THE DATA:
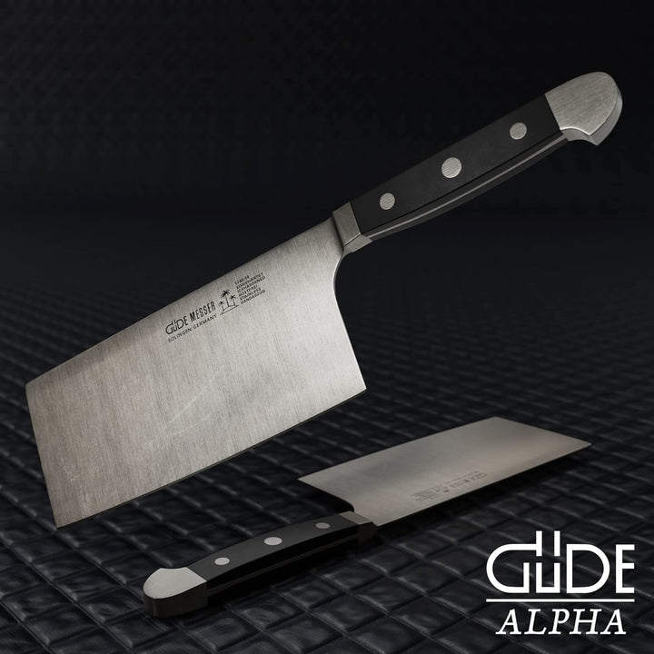 - Die Alpha Serie bietet die grösste Modellvielfalt der Marke GÜDE aus Solingen. Der unverwechselbare Doppelkropf ist das Markenzeichen der GÜDE Serie. Der feinpolierte schwarze Griff besteht aus robustem Hostaform und ist sehr pflegeleicht
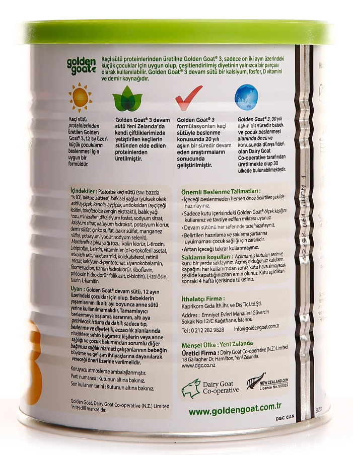 - Golden Goat® Yeni Zelanda’da DGC (NZ) Ltd. tarafından kendi çiftliklerinde yetiştirilen keçilerin sütlerinden üretilir.
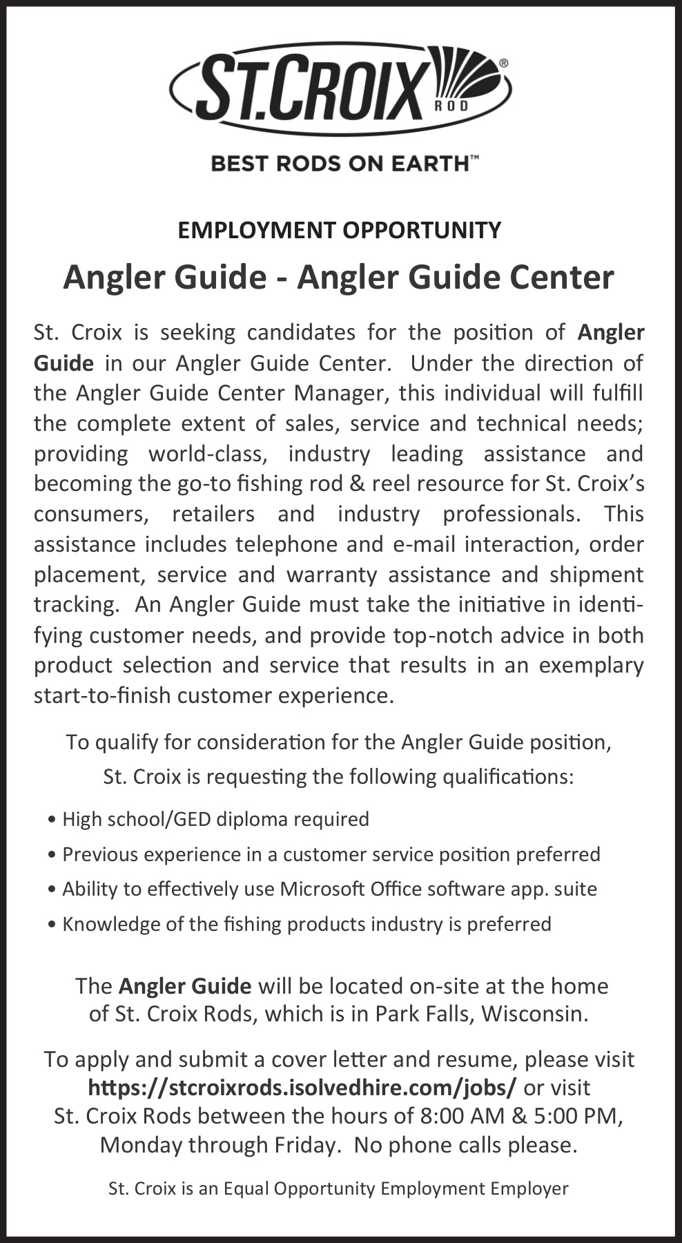 Feb 19, 2026. St. Croix Rod Customer Service Jobs from Wisconsin State Jobs
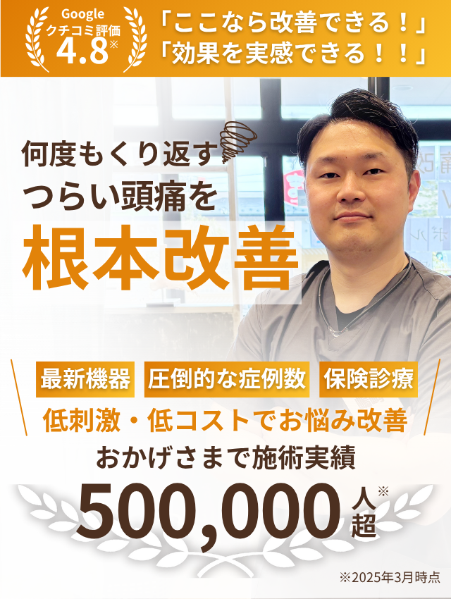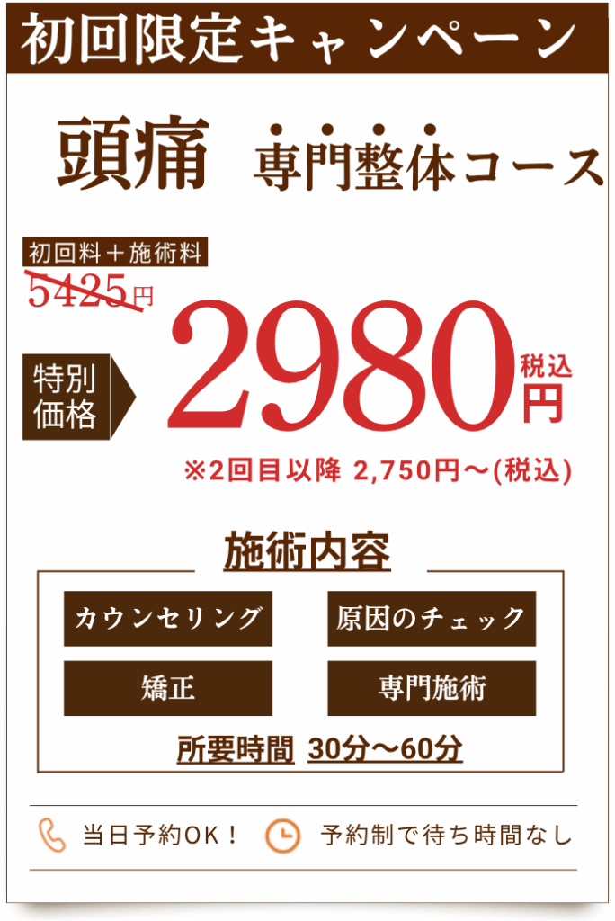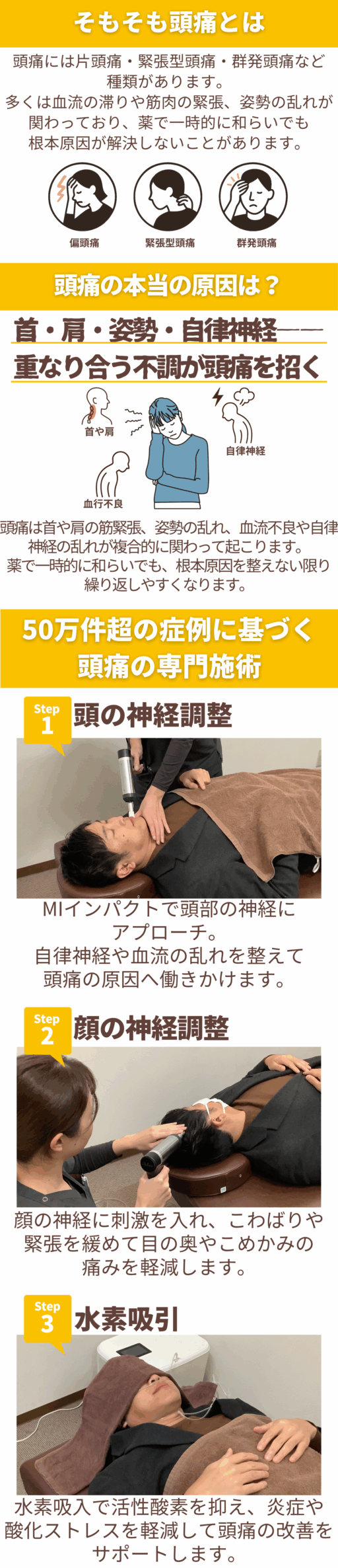 当院の頭痛に​特化した​専門技術最新設備を導入し、負担が少なく継続しやすい施術と料金設定で、お客様の​お悩みの​根本改善を​サポートいたします!!​

BRIEF:
Would you return all of the data above word for word, omitting every picture?

WRITTEN SOLUTION:
 - Die Alpha Serie bietet die grösste Modellvielfalt der Marke GÜDE aus Solingen. Der unverwechselbare Doppelkropf ist das Markenzeichen der GÜDE Serie. Der feinpolierte schwarze Griff besteht aus robustem Hostaform und ist sehr pflegeleicht
 - Golden Goat® Yeni Zelanda’da DGC (NZ) Ltd. tarafından kendi çiftliklerinde yetiştirilen keçilerin sütlerinden üretilir.
 Feb 19, 2026. St. Croix Rod Customer Service Jobs from Wisconsin State Jobs
 当院の頭痛に​特化した​専門技術最新設備を導入し、負担が少なく継続しやすい施術と料金設定で、お客様の​お悩みの​根本改善を​サポートいたします!!​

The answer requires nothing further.